By Omar Sattar, for Al-Monitor. Any opinions expressed are those of the author, and do not necessarily reflect the views of Iraq Business News.

On May 19, Iraq signed an agreement with the International Monetary Fund (IMF) for a loan for as much as $15 billion over the next three years. Observers are wondering how Iraq will be able to repay the loan and meet the conditions imposed by creditors, which include various countries and the World Bank. One such condition is that Iraq must lift its oil and food subsidies.

The Iraqi Ministry of Finance said the IMF Stand-By Arrangement (SBA) will help Iraq in its battle against the Islamic State (IS) to liberate Iraqi territory, while also helping cut the budget deficit, which is projected at $25 billion, a figure that could worsen because of lower oil prices. The ministry said the loan will not affect government spending on social and health services, but rather it will bring about real financial and economic reform.

Iraq's previous experience with the IMF doesn't encourage optimism. In 2004, the IMF imposed an economic reform package that required Iraq to privatize some sectors and raise fuel prices in exchange for reducing and rescheduling the country's Paris Club debt, estimated at $50 billion. Iraq failed to meet those conditions.

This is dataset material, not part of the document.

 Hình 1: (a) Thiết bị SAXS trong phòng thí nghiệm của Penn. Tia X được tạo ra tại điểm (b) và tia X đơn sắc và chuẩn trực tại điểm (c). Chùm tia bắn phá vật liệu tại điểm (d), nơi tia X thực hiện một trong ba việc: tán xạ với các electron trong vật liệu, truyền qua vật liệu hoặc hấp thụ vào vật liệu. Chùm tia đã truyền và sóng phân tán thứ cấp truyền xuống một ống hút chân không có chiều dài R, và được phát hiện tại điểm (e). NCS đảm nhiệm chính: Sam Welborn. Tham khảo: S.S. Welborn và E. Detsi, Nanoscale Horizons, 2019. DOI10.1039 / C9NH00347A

Sirhan Ahmed, a member of the parliamentary finance committee, told Al-Monitor the new IMF loan will only make things worse in the long run.

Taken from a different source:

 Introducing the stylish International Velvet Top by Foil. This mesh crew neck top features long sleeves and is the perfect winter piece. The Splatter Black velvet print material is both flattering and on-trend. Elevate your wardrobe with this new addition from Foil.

"Iraq does not need a loan from the IMF, as this loan will eventually turn into a set of conditions and dictations on the Iraqi economy. Instead of borrowing, the government should have resorted to retrenchment and issuing bonds while earnestly fighting corruption to address the budget deficit."

Majda al-Tamimi, another finance committee member, told Mawazin News on May 17 that the loan "will lead to corruption."

"The Central Bank's governor held meetings and negotiations concerning the IMF loan, knowing that he sells $126-$140 million from the state's treasury funds through currency auctions on a daily basis," she said, referring to the fact that funds are available, yet the bank's governor is using Iraqi money in buying and selling operations, not to support the budget deficit."